Upgrades and Rollback

Atlas upgrades should preserve two invariants:

  • contract-owned surfaces remain understood and validated
  • serving state stays recoverable if a rollout goes wrong

Upgrade Flow

flowchart TD
    Validate[Validate runtime and contracts] --> Rollout[Roll out new runtime]
    Rollout --> Observe[Observe health and load]
    Observe --> Keep[Keep rollout]
    Observe --> Rollback[Rollback if needed]

This upgrade flow keeps rollout discipline visible. Atlas upgrades should be validated, observed, and explicitly kept or rolled back rather than treated as one-way jumps.

Rollback Flow

flowchart LR
    Problem[Operational problem] --> Scope[Determine runtime vs store scope]
    Scope --> RuntimeRollback[Rollback runtime]
    Scope --> StoreRollback[Rollback serving state if required]
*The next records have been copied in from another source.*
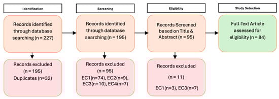 In accordance with the four exclusion criteria, EC1-EC4, we started screening by independently reviewing the titles and abstracts of all the 227 identified articles (100%). During the process, the articles were assigned with “include” or “exclude” labels. Based on the screening of the titles and abstracts of all the articles, it resulted in 95 out of 227 articles for full-text review. In terms of eligibility, we then read the full text of each article and labeled them as “include” or “exclude.” Based on the full-text review, we excluded 11 articles in total according to the four exclusion criteria. As a result, we identified 84 out of 95 articles to be included in our final review. The inclusion/exclusion criteria were predefined to ensure that only relevant studies were included in the review.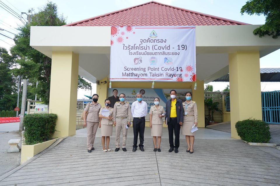 วันที่ 22 มิถุนายน 2563 นายสุรินทร์ แสงทอง รองปลัดองค์การบริหารส่วนจังหวัดระยอง (1) รักษาราชการแทน ปลัดอบจ.ระยอง พร้อมด้วย นางสาวราตรี คุ้มญาติ ผู้อำนวยการ กองการศึกษา ศาสนาและวัฒนธรรม นางลัดดาวัลย์ ชาไธสง ผู้อำนวยการกองแผนและงบประมาณ นางขนิษฐา สัสดีพันธ์ ผู้อำนวยการกองช่าง และคณะกรรมการสถานศึกษา ลงพื้นที่ตรวจความพร้อมในการเปิดภาคเรียนของสถานศึกษาในสังกัดอบจ.ระยอง ปีการศึกษา 2563 ซึ่งจากการเดินสำรวจสถานศึกษามีการดำเนินงานตามมาตรการสาธารณสุข (สธ.) อย่างมีประสิทธิภาพ เช่นการกำหนดตำแหน่งจุดเว้นระยะห่าง มีป้ายประชาสัมพันธ์ถึงข้อพึงระมัดระวังและสิ่งที่จะต้องปฏิบัติเพื่อป้องกันภัยจากเชื้อไวรัสโคโรนา 2019 หรือ โควิด-19 โดยมีจุดคัดกรองนักเรียนบริเวณหน้าโรงเรียน มีการติดตั้งเจลแอลกอฮอล์ และสบู่เหลวที่อ่างล้างมือทุกจุด ทั่วบริเวณโรงเรียน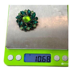 • Statement brooch with vibrant green stones
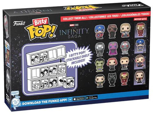 Bitty Pops! are packaged in hard acrylic cases with detachable bottom lids. Detachable bottom lids double as acrylic bases, to which the Bitty Pop! figures are adhered.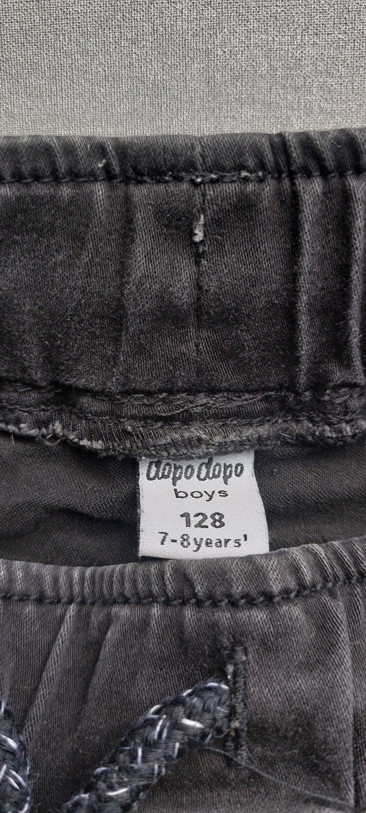 Bez poškodení, je to bledočierna farba. Trojštvrťové. Dĺžka 44 cm, šírka v páse 29 cm, šnúrkou sa dá stiahnuť.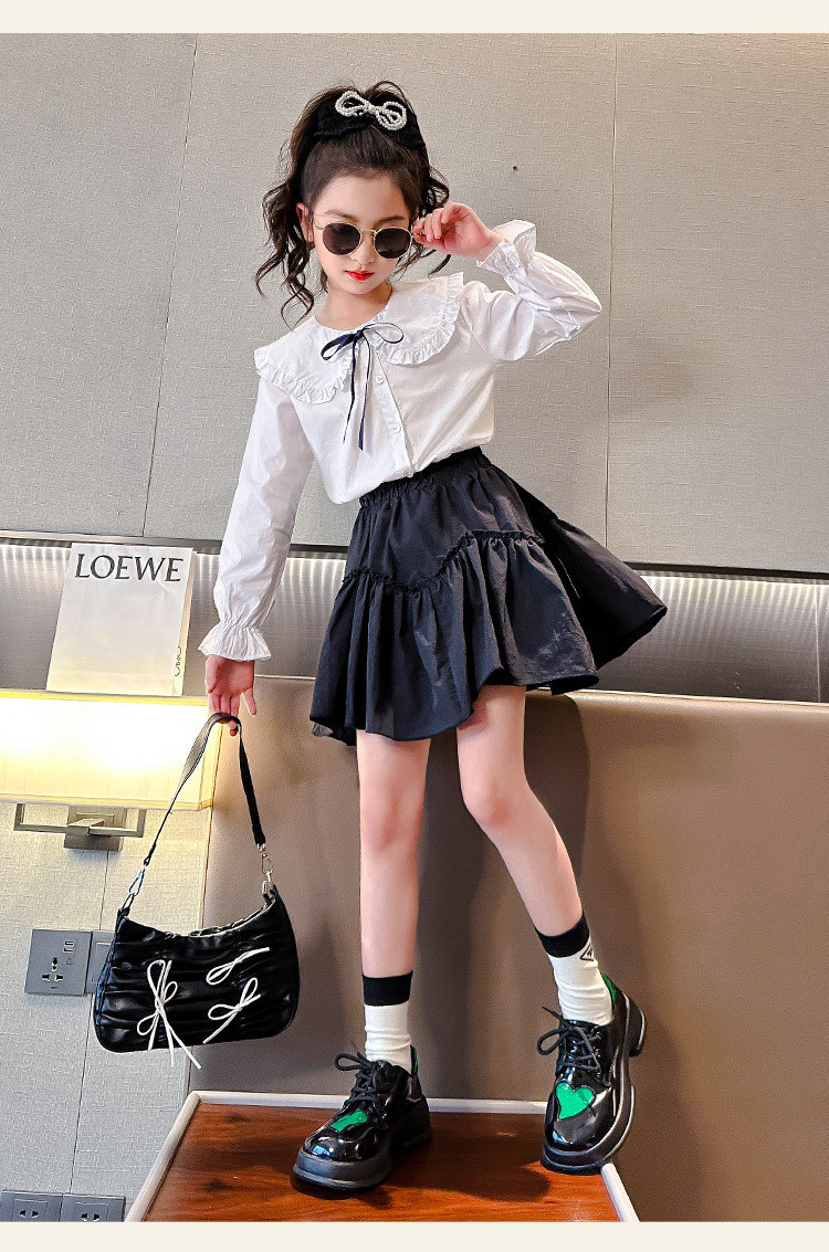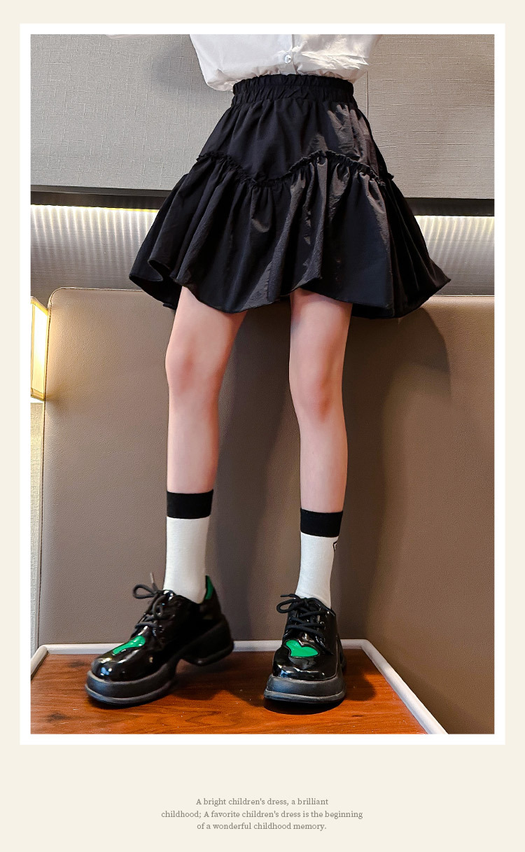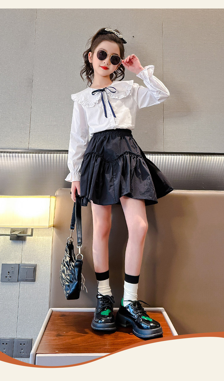 소녀 스커트 가을 원피스 여자 학술 스타일 A-라인 스커트 봄과 가을 다목적 대형 어린이 검은 판초 스커트

This rollback flow explains one of the most important operator distinctions in Atlas: not every incident needs store-state rollback, and not every rollback should start there.

Operator Guidance

  • separate runtime rollback from store-state rollback in your thinking
  • verify health, readiness, and key query paths after rollout
  • keep rollback paths explicit before you need them
  • use compatibility and contract evidence as rollout input, not only hope and manual spot checks

What to Watch During Upgrade

  • readiness instability
  • unusual rejection or error patterns
  • metrics or traces indicating saturation changes
  • catalog or dataset discoverability regressions

Rollout Question That Saves Time

Ask first whether the change affected runtime behavior, serving-store state, or both. That answer usually determines the safest rollback path.

Purpose

This page explains the Atlas material for upgrades and rollback and points readers to the canonical checked-in workflow or boundary for this topic.

Stability

This page is part of the canonical Atlas docs spine. Keep it aligned with the current repository behavior and adjacent contract pages.